*** EXCERPTED RECORDS Section Begins ***

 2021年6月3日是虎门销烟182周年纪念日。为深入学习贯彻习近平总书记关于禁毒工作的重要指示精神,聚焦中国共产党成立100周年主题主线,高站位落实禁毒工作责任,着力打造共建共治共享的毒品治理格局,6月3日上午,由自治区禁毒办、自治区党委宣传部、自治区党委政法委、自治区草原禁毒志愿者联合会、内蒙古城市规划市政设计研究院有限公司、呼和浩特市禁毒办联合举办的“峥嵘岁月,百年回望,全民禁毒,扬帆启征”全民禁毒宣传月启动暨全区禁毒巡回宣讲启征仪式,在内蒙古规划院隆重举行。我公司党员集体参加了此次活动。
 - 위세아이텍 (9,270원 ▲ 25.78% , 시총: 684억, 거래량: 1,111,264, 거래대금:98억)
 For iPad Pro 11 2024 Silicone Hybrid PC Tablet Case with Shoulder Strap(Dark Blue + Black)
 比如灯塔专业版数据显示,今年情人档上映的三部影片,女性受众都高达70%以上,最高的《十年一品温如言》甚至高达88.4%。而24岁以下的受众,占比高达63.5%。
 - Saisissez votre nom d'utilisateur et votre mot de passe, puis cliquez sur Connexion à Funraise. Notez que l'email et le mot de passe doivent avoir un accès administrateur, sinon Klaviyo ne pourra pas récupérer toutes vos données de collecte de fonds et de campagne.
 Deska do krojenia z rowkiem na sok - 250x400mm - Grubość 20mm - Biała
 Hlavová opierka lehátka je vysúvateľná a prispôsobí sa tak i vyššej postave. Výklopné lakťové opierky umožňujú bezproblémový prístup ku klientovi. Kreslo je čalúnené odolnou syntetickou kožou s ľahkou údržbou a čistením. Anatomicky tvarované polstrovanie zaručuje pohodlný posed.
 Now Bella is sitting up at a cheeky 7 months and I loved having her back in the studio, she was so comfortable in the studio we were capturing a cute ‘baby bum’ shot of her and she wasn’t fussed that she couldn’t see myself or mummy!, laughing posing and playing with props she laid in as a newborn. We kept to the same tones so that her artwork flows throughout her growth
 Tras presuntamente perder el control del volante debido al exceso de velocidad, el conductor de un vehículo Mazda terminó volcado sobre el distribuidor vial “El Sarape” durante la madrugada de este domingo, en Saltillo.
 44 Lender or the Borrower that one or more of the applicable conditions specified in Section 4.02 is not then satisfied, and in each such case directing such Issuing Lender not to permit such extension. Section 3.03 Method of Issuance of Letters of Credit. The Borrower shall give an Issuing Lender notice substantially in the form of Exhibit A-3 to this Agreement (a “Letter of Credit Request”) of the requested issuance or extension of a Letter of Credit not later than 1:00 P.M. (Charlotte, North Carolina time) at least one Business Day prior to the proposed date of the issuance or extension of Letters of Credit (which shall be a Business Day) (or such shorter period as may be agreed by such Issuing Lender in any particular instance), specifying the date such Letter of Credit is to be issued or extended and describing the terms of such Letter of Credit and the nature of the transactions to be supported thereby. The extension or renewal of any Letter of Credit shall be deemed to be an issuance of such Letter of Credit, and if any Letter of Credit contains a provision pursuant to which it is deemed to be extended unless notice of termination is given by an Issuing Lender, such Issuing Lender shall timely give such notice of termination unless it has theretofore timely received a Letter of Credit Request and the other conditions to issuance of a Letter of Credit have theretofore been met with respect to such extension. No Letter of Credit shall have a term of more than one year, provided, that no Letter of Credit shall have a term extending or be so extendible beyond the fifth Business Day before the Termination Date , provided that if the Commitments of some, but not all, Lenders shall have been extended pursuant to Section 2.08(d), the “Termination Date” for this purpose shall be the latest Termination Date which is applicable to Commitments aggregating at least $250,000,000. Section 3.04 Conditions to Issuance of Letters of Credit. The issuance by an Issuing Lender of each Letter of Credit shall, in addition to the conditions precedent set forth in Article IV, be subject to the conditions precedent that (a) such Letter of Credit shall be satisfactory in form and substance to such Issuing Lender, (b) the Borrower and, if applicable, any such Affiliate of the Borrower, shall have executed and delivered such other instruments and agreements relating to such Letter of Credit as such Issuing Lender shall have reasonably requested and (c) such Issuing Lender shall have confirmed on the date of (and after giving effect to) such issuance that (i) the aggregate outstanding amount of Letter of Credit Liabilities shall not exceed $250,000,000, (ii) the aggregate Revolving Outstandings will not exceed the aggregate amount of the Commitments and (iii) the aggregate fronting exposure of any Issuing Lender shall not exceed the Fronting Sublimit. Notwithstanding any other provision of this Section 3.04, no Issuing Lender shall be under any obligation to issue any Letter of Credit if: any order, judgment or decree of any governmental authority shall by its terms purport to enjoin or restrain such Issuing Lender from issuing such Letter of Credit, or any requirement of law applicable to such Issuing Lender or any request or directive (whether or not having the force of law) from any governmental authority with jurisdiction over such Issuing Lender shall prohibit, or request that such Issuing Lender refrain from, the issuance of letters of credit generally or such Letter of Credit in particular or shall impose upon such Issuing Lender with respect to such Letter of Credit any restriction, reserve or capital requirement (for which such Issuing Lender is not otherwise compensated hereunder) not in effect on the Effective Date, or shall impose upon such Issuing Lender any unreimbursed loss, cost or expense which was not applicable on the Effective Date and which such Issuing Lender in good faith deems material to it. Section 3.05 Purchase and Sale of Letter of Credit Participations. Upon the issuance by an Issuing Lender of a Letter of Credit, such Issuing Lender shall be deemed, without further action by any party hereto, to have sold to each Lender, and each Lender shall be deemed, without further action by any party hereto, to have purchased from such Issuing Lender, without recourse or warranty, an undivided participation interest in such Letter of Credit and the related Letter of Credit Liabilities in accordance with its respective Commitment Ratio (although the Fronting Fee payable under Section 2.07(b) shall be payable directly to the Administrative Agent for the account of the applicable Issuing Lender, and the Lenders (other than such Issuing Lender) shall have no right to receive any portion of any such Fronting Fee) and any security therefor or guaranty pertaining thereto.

*** EXCERPTED RECORDS Section Ends ***

### WHAT YOU ARE ASKED TO DO
From the records above, print exactly the lines that run from the line with "比如灯塔专业版数据显示,今年" to the line with "Tras presuntamente perder", inclusive.

### SOLVED PROBLEM
 比如灯塔专业版数据显示,今年情人档上映的三部影片,女性受众都高达70%以上,最高的《十年一品温如言》甚至高达88.4%。而24岁以下的受众,占比高达63.5%。
 - Saisissez votre nom d'utilisateur et votre mot de passe, puis cliquez sur Connexion à Funraise. Notez que l'email et le mot de passe doivent avoir un accès administrateur, sinon Klaviyo ne pourra pas récupérer toutes vos données de collecte de fonds et de campagne.
 Deska do krojenia z rowkiem na sok - 250x400mm - Grubość 20mm - Biała
 Hlavová opierka lehátka je vysúvateľná a prispôsobí sa tak i vyššej postave. Výklopné lakťové opierky umožňujú bezproblémový prístup ku klientovi. Kreslo je čalúnené odolnou syntetickou kožou s ľahkou údržbou a čistením. Anatomicky tvarované polstrovanie zaručuje pohodlný posed.
 Now Bella is sitting up at a cheeky 7 months and I loved having her back in the studio, she was so comfortable in the studio we were capturing a cute ‘baby bum’ shot of her and she wasn’t fussed that she couldn’t see myself or mummy!, laughing posing and playing with props she laid in as a newborn. We kept to the same tones so that her artwork flows throughout her growth
 Tras presuntamente perder el control del volante debido al exceso de velocidad, el conductor de un vehículo Mazda terminó volcado sobre el distribuidor vial “El Sarape” durante la madrugada de este domingo, en Saltillo.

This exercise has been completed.